[Input material — start]

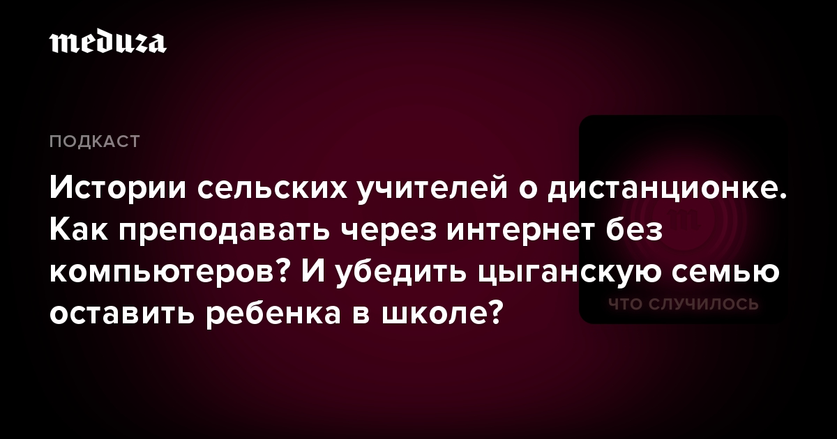 В новом эпизоде подкаста «Что случилось» истории трех учителей, работающих на селе. Учительница физики и информатики Валентина Иванова объяснила, как удалось перейти на дистанционное обучение маленькой сельской школе. Учитель английского языка Богдан Дедушкин рассказал, как он и его коллеги занимаются внеклассной активностью через интернет. А учительница начальных классов Наталья Полканова поделилась, как онлайн-образование помогло детям из семей, для которых русский язык не родной.
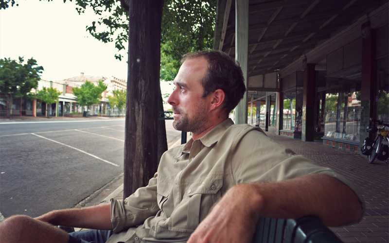 With the heat pushing past ninety and dozens of hills having exacted a price from our legs, we're both heading toward wasted by the time we roll into Casterton. But I fall into the loving arms of a steak and bacon pie, a cold bottle of Coca-Cola, and the most delicious eclair I've ever had the privilege of stuffing into my face hole, and that's all it takes to set the world right again. We pass the next five hours in the sheltered cool of the library, looking out on the town's main street. From this perch it becomes clear that there are few things in life more efficient than the lines in which humans travel to go from one air conditioned place to the next when it's sunny and 110 degrees outside.
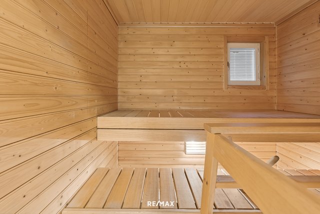 - Ikkunallinen sauna, jossa sähkökiuas. Lattia laatoitettu, seinät paneelia.
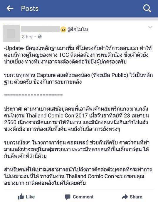วันที่ 26 เมษายน ผู้สื่อข่าวรายงานว่า สังคมออนไลน์แห่แชร์ข้อความ จากผู้ใช้เฟซบุ๊กรายหนึ่ง เป็นประกาศตามหาเบาะแส ข้อมูลคนที่ทำขนมคัพเค้กผสมพริกแกง มาแกล้งแจกคนในงาน Thailand Comic Con 2017 เมื่อวันที่ 23 เมษายนที่ผ่านมา ส่งผลให้ทีมงานและคนที่รับประทานเข้าไปมีอาการท้องเสียทั้งคืน
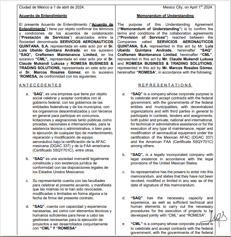 Elevating Aviation Excellence: Craftsmen Maintenance Limited Secures a Contract with Global Leaders SAQ and ROMESA, an Experienced and Reputable MRO in Mexico
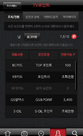앞으로 올레tv모바일 유료 콘텐츠를현금이 아닌 다양한 포인트로 결제할 수 있게 됐다.[KT미디어허브]는카드사 제휴 포인트로영화, 드라마, 교육 등2만 5,000여 편에 이르는유료 VOD 서비스를 결제할 수 있다고4일 밝혔다.올레tv모바일 결제에 적용되는제휴 포인트는 다음과 같다.카드사 ▲BC카드, KB카드, 우리카드정유사 ▲S-OIL, GS칼텍스기타 ▲문화상품권, 포인트파크, 컬쳐랜드, 해피머니포인트 결제는올레tv모바일 앱을 이용해카드사 포인트를 [TV포인트]로 전환 하면 된다.우선 최신 버전 올레tv모바일 앱의[마이메뉴]-[TV포인트] 메뉴에서TV포인트 회원에 가입한다.그런 다음 [조회/전환] 메뉴를 통해제휴포인트를 TV포인트로 바꾸면유료 콘텐츠를 포인트로 결제할 수 있다.
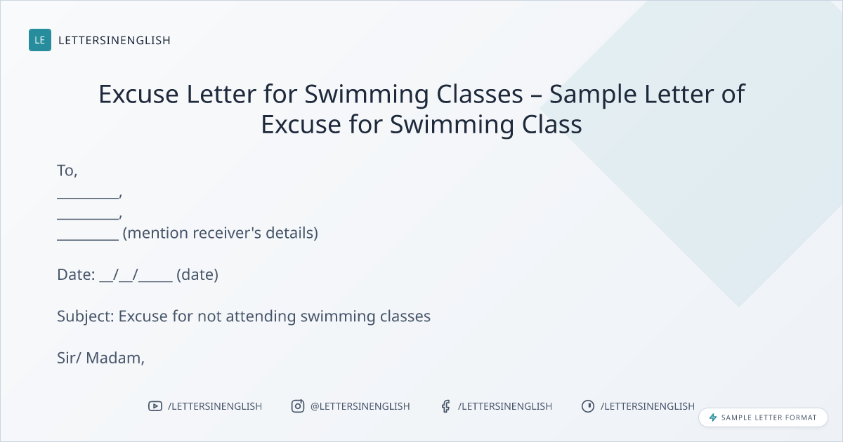 Excuse Letter for Swimming Classes – Sample Letter of Excuse for Swimming Class
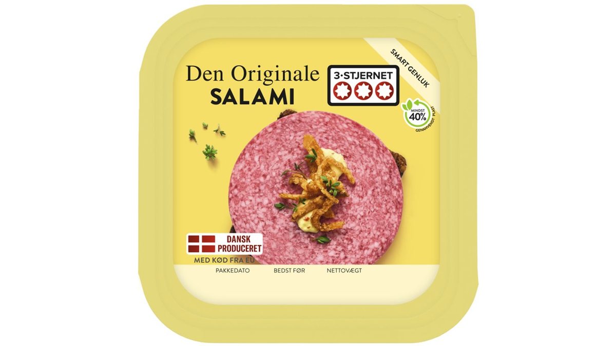 3-Stjernet Den Originale Salami har siden starten for over 50 år siden været grundstammen i 3-Stjernet. Denne danske specialitet produceres i dag nøjagtig efter de samme grundprincipper som første gang for over 50 år siden. For at få den fornemme salte smag frem i pølsen, som er så karakteristisk for den originale 3-Stjernede salami, lagesaltes pølserne i op til to uger førend de røges og tørres. Det tager derfor op til seks uger, før den rette konsistens og smag opnås, og pølsen kan godkendes. Det er med denne specielle saltlagning sammen med en udsøgt blanding af hvid peber og hvidløg, at den 3-Stjernede Salami får sin helt egen unikke smag. Perfekt til madpakken og frokostbordet. Den er produceret i Danmark.
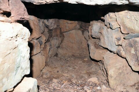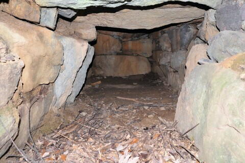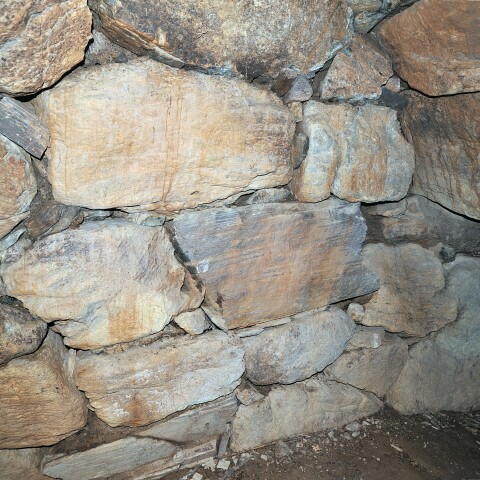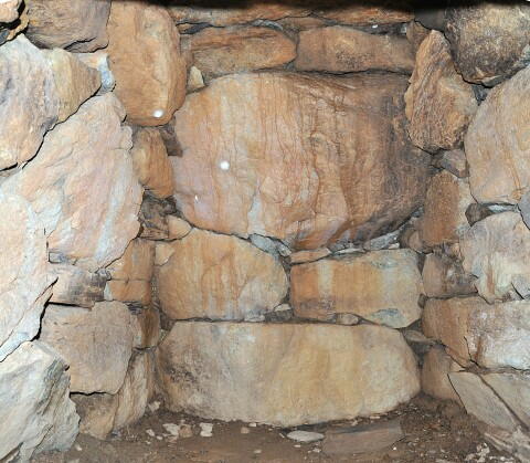 奥壁は巨石を三段積み、側壁は上部で持ち送ってます。

[Input material — finish]

Your goal: Reproduce the data above exactly, but only from the line containing "With the heat" through the line containing "Elevating Aviation Excellence: Craftsmen". Omit all pictures.

Written solution:
 With the heat pushing past ninety and dozens of hills having exacted a price from our legs, we're both heading toward wasted by the time we roll into Casterton. But I fall into the loving arms of a steak and bacon pie, a cold bottle of Coca-Cola, and the most delicious eclair I've ever had the privilege of stuffing into my face hole, and that's all it takes to set the world right again. We pass the next five hours in the sheltered cool of the library, looking out on the town's main street. From this perch it becomes clear that there are few things in life more efficient than the lines in which humans travel to go from one air conditioned place to the next when it's sunny and 110 degrees outside.
 - Ikkunallinen sauna, jossa sähkökiuas. Lattia laatoitettu, seinät paneelia.
วันที่ 26 เมษายน ผู้สื่อข่าวรายงานว่า สังคมออนไลน์แห่แชร์ข้อความ จากผู้ใช้เฟซบุ๊กรายหนึ่ง เป็นประกาศตามหาเบาะแส ข้อมูลคนที่ทำขนมคัพเค้กผสมพริกแกง มาแกล้งแจกคนในงาน Thailand Comic Con 2017 เมื่อวันที่ 23 เมษายนที่ผ่านมา ส่งผลให้ทีมงานและคนที่รับประทานเข้าไปมีอาการท้องเสียทั้งคืน
 Elevating Aviation Excellence: Craftsmen Maintenance Limited Secures a Contract with Global Leaders SAQ and ROMESA, an Experienced and Reputable MRO in Mexico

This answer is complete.